Exercise details = What is needed is a word-for-word copy of the lines below from the one with "Затем участники мастерской" through the one with "El doctor Piero", both included, with every picture left out.

**** Dataset records

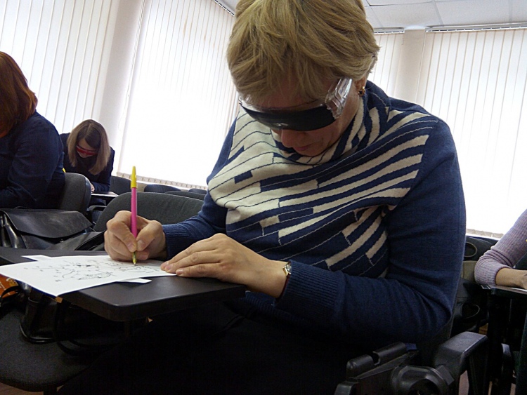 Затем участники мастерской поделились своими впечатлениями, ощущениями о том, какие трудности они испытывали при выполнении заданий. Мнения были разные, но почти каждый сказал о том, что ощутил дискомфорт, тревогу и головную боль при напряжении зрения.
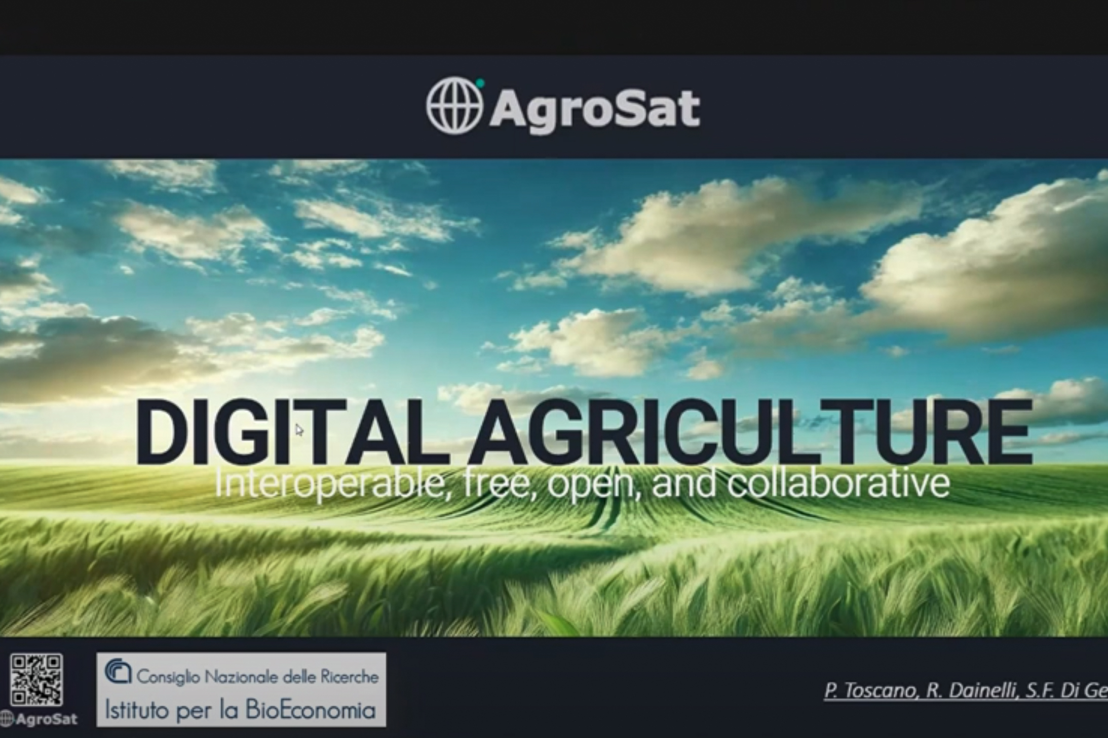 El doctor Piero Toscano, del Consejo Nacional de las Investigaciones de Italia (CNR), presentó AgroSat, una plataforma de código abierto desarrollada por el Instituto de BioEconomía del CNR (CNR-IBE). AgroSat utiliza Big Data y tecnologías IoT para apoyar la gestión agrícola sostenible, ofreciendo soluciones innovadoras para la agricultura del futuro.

********
**** Dataset records

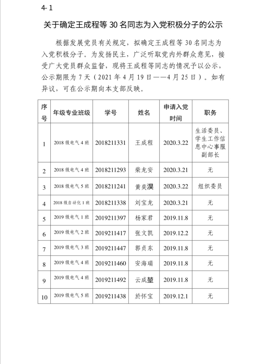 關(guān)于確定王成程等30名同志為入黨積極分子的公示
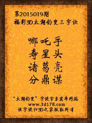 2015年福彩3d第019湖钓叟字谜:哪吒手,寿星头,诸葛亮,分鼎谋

********

Solved problem =
 Затем участники мастерской поделились своими впечатлениями, ощущениями о том, какие трудности они испытывали при выполнении заданий. Мнения были разные, но почти каждый сказал о том, что ощутил дискомфорт, тревогу и головную боль при напряжении зрения.
 El doctor Piero Toscano, del Consejo Nacional de las Investigaciones de Italia (CNR), presentó AgroSat, una plataforma de código abierto desarrollada por el Instituto de BioEconomía del CNR (CNR-IBE). AgroSat utiliza Big Data y tecnologías IoT para apoyar la gestión agrícola sostenible, ofreciendo soluciones innovadoras para la agricultura del futuro.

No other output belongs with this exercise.